_Source records_
·····

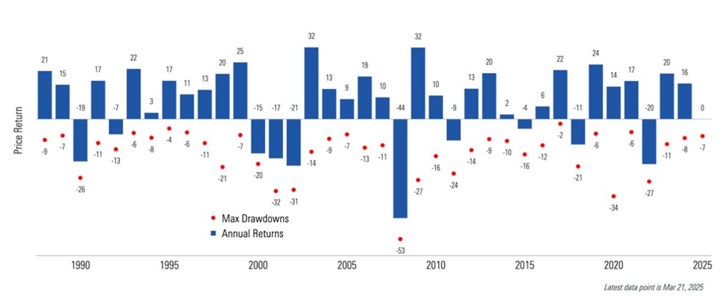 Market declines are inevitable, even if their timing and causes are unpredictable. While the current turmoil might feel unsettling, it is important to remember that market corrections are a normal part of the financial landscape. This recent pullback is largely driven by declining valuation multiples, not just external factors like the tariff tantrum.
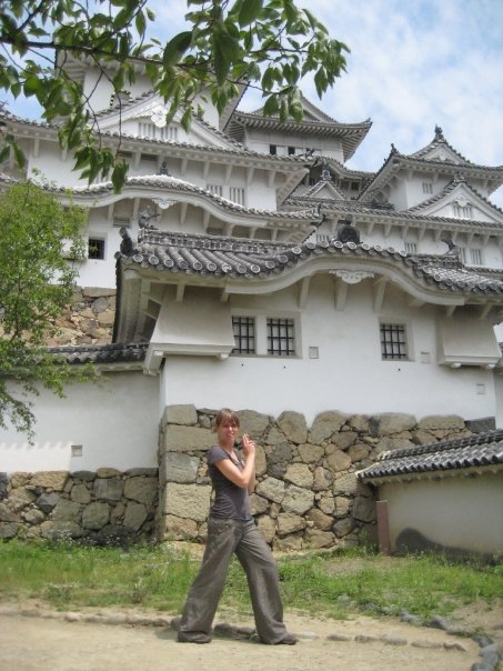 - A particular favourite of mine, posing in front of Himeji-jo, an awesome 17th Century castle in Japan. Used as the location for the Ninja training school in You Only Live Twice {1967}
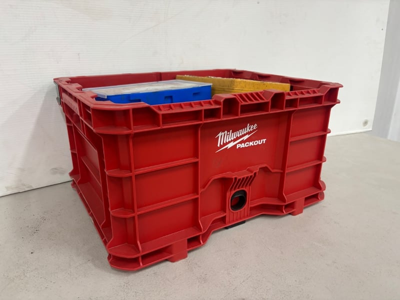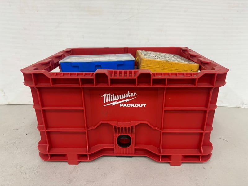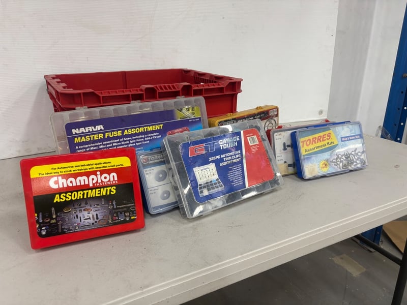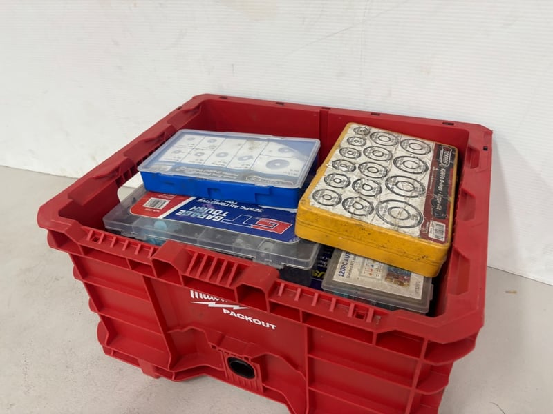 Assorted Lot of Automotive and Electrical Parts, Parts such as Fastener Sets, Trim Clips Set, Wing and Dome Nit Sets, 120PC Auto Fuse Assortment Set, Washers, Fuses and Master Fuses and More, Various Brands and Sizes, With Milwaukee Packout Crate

·····

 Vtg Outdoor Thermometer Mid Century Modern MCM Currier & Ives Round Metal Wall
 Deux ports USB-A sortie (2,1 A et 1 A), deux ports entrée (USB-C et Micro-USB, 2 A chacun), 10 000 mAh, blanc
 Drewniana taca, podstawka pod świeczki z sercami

·····

_Your goal_
In the records above, find the line containing "Market declines are" and the line containing "Assorted Lot of", then give both of them again word for word along with every line between. Omit any pictures.

_Exercise response_
 Market declines are inevitable, even if their timing and causes are unpredictable. While the current turmoil might feel unsettling, it is important to remember that market corrections are a normal part of the financial landscape. This recent pullback is largely driven by declining valuation multiples, not just external factors like the tariff tantrum.
 - A particular favourite of mine, posing in front of Himeji-jo, an awesome 17th Century castle in Japan. Used as the location for the Ninja training school in You Only Live Twice {1967}
 Assorted Lot of Automotive and Electrical Parts, Parts such as Fastener Sets, Trim Clips Set, Wing and Dome Nit Sets, 120PC Auto Fuse Assortment Set, Washers, Fuses and Master Fuses and More, Various Brands and Sizes, With Milwaukee Packout Crate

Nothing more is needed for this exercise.